We also set up an sshfs tunnel to Testnet to migrate any missing scraper data. The engine team begins recovering tables.

~01:00 UTC: We destroy and remount the pool to work around EBS<->S3 prewarming issues. While the files copy, we begin implementing our new ZFS-based backup scheme and replicate minutely snapshots, as we work, to another instance. This becomes valuable several times as we verify data.

~02:00 UTC: The copy has finished and the zpool is ready to go. Bcache trashed blocks all over the disk, so the engine team begins recovering from backup. This is painstaking work, but between all the backups we had taken, we have all the data.

~03:00 UTC: The backfill is complete and we are verifying data. Everything looks good. We didn’t lose a single execution. Relief starts flooding through the room. We start talking timetables. We partition the local NVMe drive into a 2GB ZIL & 1.7TB L2ARC and attach it to the pool to get ready for production trading.

03:05 UTC: We bring the site back online, scheduling unsuspension at 03:45 UTC.  Our support team begins telling customers the new timeline. Chat comes back on.

03:45 UTC: The engine unsuspends and trading restarts. Fortunately, the Bitcoin price has barely moved over these four hours. We consider our place in the world.

 

Postmortem

While we prepared for this event, actually experiencing it was quite different.

Over the next two days, the team communicating constantly. We wrote lists of every thing that went wrong: where our alerting failed, where we could introduce additional checksumming, how we might stream trade data to another instance and increase the frequency of backups. We introduced more fine-grained alerts up and down the stack, and began testing them.

To us, this particular episode is an example of an “unknown unknown”. Modern-day stacks are too large, too complicated, for any single person to fully understand every single aspect. We had tested this migration, but we had failed to adequately replicate the exact scenario. The best game to play is constant defense:

  1. Don’t touch production.
  2. Really, don’t touch production.
  3. Treat in-service instances as immutable: clone, modify, test, switch.
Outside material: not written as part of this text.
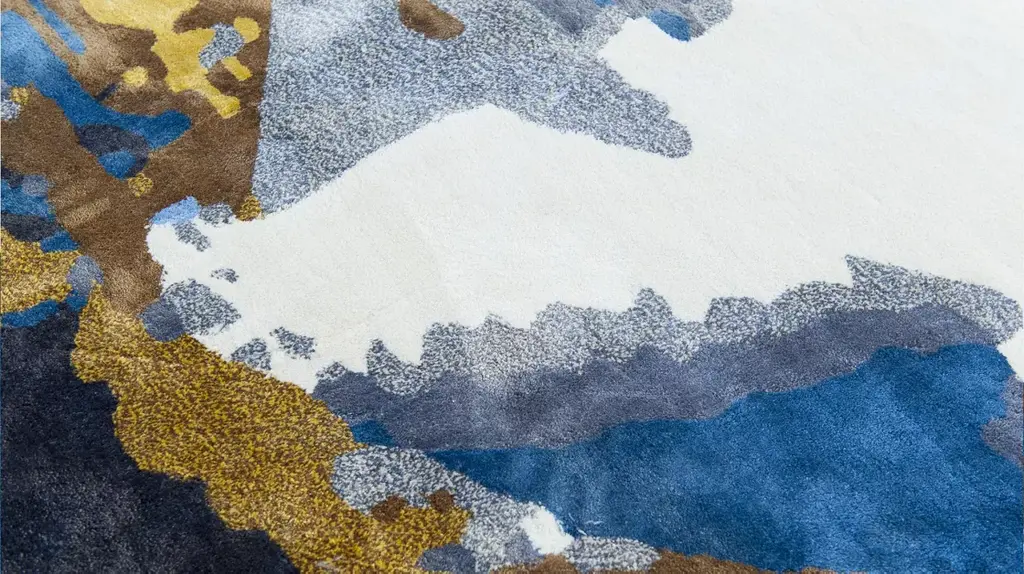 This rug was designed from a photograph of a cracked wall in a classroom. SHINCHUU represents the shattering of structures, giving voice to colors and presenting the infinite horizon of the imagination.

As we scale over the coming months, we will be implementing more systems toward this end, toward the eventual goal of having an infrastructure resilient to even multiple-node failures. We want to deploy a Simian Army.

Already, we are making improvements:

  • Moving to ZFS itself was a long-planned and significant step that affords us significantly improved data consistency guarantees, much more frequent snapshotting, and better performance.
  • We are developing automated tools to re-check data integrity at intervals (outside of our existing checks + ZFS checksumming), and to identify problems sooner.
  • We have reviewed every aspect of our alerting system, reworking several gaps in our coverage and implementing many more fail-safes.
  • We have greatly expanded the number of jobs covered under Dead Man’s Snitch, a service that has proven invaluable over the last few years.
  • We have implemented additional backup destinations and re-tested. We are frequently replicating data across continents and three cloud providers.
  • We continue to implement new techniques for increasing the repeatability of our architecture, so that major pieces can be torn down and rebuilt at-will without significant developer knowledge.

Thanks to our great customers for being understanding while we were down, and for continuing to support us.